Available records START

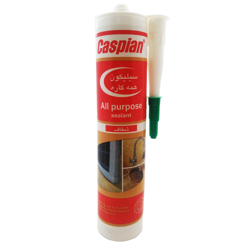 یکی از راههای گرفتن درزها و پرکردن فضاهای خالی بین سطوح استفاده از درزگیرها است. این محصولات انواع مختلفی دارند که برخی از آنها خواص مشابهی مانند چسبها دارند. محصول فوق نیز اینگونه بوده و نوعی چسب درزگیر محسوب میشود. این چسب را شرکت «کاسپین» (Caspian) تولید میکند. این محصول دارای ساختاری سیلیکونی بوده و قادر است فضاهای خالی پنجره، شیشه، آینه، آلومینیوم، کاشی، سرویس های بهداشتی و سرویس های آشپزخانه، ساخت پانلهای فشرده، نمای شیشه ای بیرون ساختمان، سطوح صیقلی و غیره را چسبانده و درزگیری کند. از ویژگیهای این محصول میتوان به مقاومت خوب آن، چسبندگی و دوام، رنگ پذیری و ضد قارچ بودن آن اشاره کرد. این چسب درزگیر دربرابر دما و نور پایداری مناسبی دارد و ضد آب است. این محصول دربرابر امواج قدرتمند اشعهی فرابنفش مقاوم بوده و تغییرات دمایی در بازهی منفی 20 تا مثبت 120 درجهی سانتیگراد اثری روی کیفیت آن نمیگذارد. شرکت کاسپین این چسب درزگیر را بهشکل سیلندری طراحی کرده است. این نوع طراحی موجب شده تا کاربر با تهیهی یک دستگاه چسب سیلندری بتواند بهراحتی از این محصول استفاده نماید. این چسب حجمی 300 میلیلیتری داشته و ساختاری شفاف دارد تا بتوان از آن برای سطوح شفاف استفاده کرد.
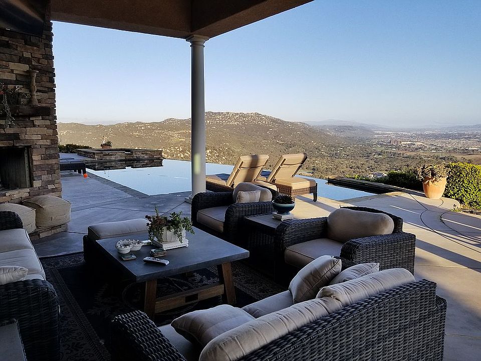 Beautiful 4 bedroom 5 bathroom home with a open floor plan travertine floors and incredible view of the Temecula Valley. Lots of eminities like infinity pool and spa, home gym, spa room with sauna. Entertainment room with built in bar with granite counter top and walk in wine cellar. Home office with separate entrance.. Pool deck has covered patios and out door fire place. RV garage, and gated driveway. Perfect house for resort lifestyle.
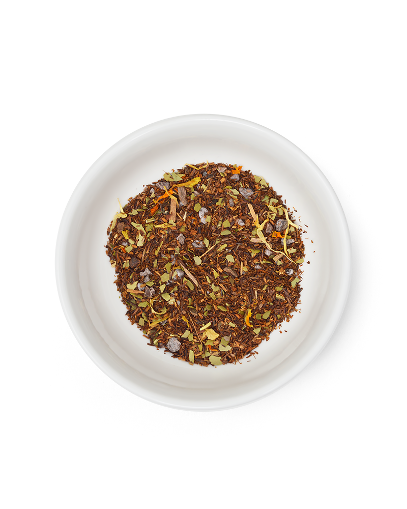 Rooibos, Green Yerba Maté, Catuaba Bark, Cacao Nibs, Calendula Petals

Available records END
Available records START

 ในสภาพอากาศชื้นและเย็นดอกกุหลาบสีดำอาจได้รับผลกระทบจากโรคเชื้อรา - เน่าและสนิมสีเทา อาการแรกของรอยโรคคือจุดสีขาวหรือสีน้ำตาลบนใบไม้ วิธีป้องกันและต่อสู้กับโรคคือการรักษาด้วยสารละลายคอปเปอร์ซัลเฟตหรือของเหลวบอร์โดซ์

Available records END
Available records START

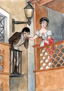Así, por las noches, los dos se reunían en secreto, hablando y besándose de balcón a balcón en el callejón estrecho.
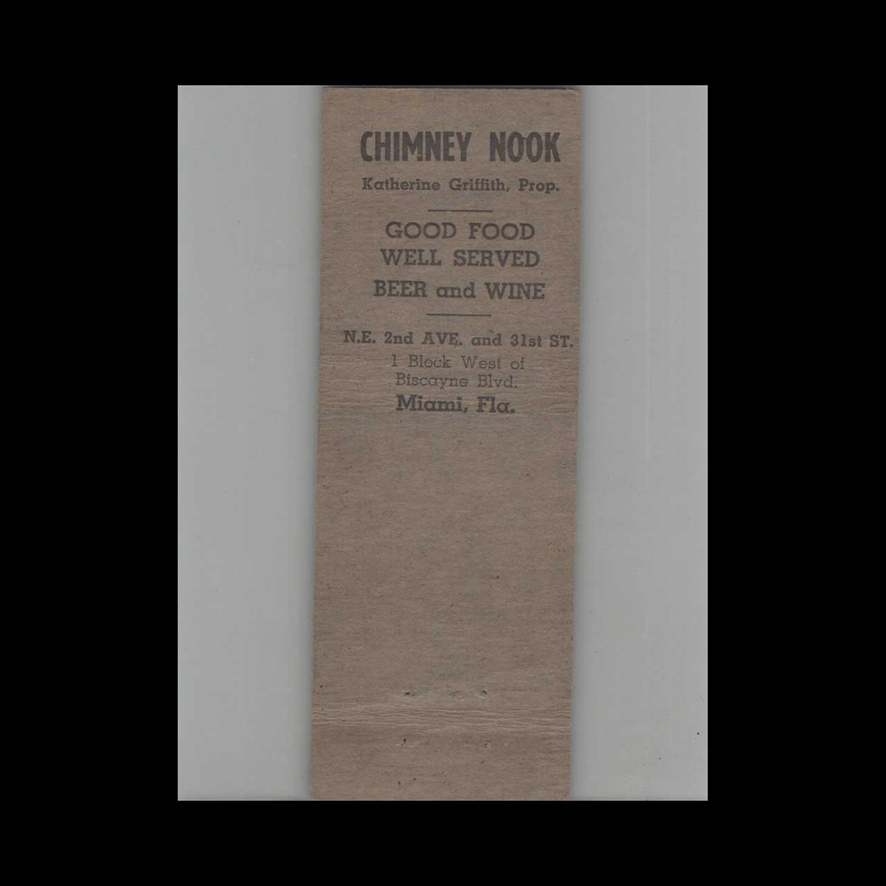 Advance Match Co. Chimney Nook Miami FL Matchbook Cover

Available records END

_Assignment_
Transcribe the lines above exactly, beginning at the one with "Así, por las" and ending at the one with "Advance Match Co.". Include both; exclude the pictures.

_Completed exercise_
Así, por las noches, los dos se reunían en secreto, hablando y besándose de balcón a balcón en el callejón estrecho.
 Advance Match Co. Chimney Nook Miami FL Matchbook Cover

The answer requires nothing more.